Non-antiarrhythmic drugs prolonging the QT interval: considerable use in seven countries

Fabrizio De Ponti 1, Elisabetta Poluzzi 1, Alberto Vaccheri 1, Ulf Bergman 2, Lars Bjerrum 3, John Ferguson 4, Kerry J Frenz 4, Peter McManus 5, Ingrid Schubert 6, Gisbert Selke 7, Georgia Terzis-Vaslamatzis 8, Nicola Montanaro 1
PMCID: PMC1874396  PMID: 12207637

Abstract

Aims

Many drugs belonging to different therapeutic classes appear to share a potentially fatal side-effect: ventricular tachyarrhythmias associated with QT prolongation. The aim of this study was to assess the relevance and the magnitude of the problem in seven countries by grouping all nonantiarrhythmic drugs according to the type of evidence on QT prolongation and analysing their sales data.

Methods

We divided all nonantiarrhythmic QT-prolonging agents into the following categories (in increasing order of clinical relevance): group A, drugs with published clinical or preclinical evidence on QT prolongation or with relevant official warnings; group B, drugs with published clinical or preclinical evidence; group C, drugs with published clinical evidence; group D, drug with published clinical evidence on torsades de pointes or ventricular arrhythmias associated with QT prolongation; group E, drugs belonging to group D with official warnings.
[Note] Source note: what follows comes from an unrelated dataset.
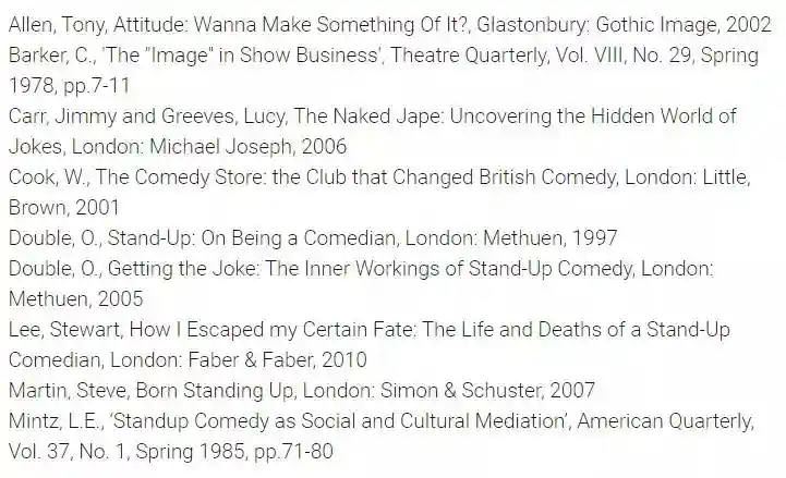 在肯特大学官方网页上,还列出了“脱口秀”课的推荐阅读清单,对喜剧脱口秀感兴趣的同学,可以提前阅读。

We retrieved 1998 sales data from community pharmacies in seven countries (Australia, Denmark, England, Germany, Greece, Italy and Sweden). Data for individual agents were expressed as defined daily doses per 1000 inhabitants per day (DDD/1000/day). Overall use in each country was calculated for each drug group. Groups D and E were considered as the most clinically relevant.

Results

Among the 102 nonantiarrhythmic agents meeting at least one of the inclusion criteria, 33 drugs had sales data ≥1 DDD/1000/day and 71 drugs had a use ≥0.1 DDD/1000/day in at least one country. Among the 37 nonantiarrhythmic agents with published reports of ventricular arrhythmias associated with QT prolongation, 12 compounds had sales data ≥1 DDD/1000/day. Total consumption in each country ranged: from 51.9 to 94.7 DDD/1000/day for group A; from 51.6 to 92.7 DDD/1000/day for group B; from 37.1 to 76.6 DDD/1000/day for group C; from 12.9 to 29.1 DDD/1000/day for group D; and from 5.8 to 15.3 DDD/1000/day for group E.

Conclusions

In spite of wide variations in the sales of individual agents, the overall extent of use of nonantiarrhythmic QT-prolonging drugs was of the same order of magnitude in all countries. The significant use of drugs belonging to categories D and E should prompt careful risk/benefit assessment of each agent.
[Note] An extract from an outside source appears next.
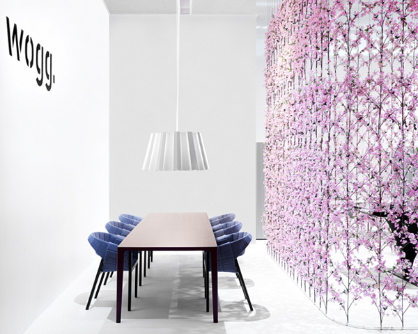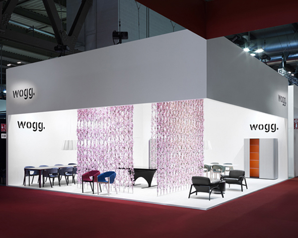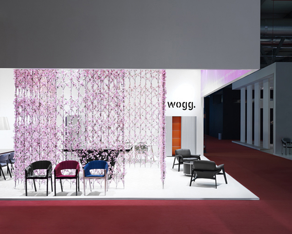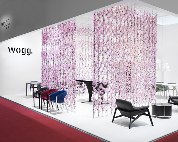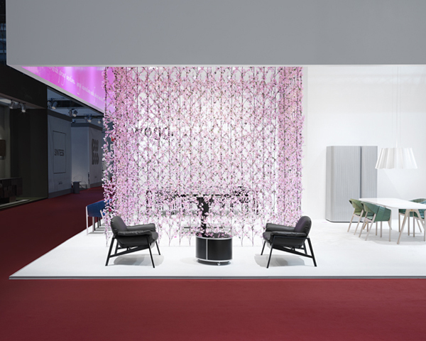 Mit dem Frühling erwacht in Mailand die alljährliche Möbelmesse, an der Aussteller mit kreativen Entwürfen werben und Möbel-Neuheiten die Besucher anlocken. Mit dem Anlocken und Verführen spielt auch die Idee des Kirschblütenvorhangs. Die raumhohe Abtrennung aus künstlichen, rosafarbenen Blüten zoniert die Ausstellungsfläche und lässt Räume entstehen, die der Inszenierung der Möbel dienen. Als transparenter Vorhang gewährt sie zudem spannende Ein- und Durchblicke. Der Stand selbst strahlt in hellem Weiss. Nur wer ihn betritt und in die Höhe blickt, sieht plötzlich pink: Die Innenseite der oberen Blende nimmt die Blütenfarbe auf und intensiviert sie.

Keywords: adverse drug reactions, drug utilization, QT prolongation, torsades de pointes

Introduction

Drug-induced prolongation of the QT interval is used as a surrogate marker of cardiotoxicity, since it is associated with an increased likelihood of occurrence of torsades de pointes (TdP), a life-threatening ventricular tachyarrhythmia [15].
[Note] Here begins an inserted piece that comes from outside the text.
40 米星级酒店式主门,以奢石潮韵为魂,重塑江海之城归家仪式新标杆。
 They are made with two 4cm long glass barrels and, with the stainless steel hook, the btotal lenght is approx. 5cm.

The list of nonantiarrhythmic drugs having the potential to prolong the QT interval is rapidly growing. In the past few years, several of these agents were withdrawn as a result of periodic safety reviews or following case reports to the pharmacovigilance system [3]. Since, to our knowledge, no studies of the overall use of QT-prolonging drugs are available, we decided to use an exhaustive list of QT-prolonging drugs [6] in order to:

  1. analyse sales data of individual agents dispensed through community pharmacies in seven countries (Australia, Denmark, England, Germany, Greece, Italy and Sweden);

  2. assess the magnitude of the problem in each country by analysing overall consumption of drugs grouped according to the strength of evidence on the proarrhythmic risk (published clinical evidence, published nonclinical evidence, official warnings in the summary of the product characteristics, etc.).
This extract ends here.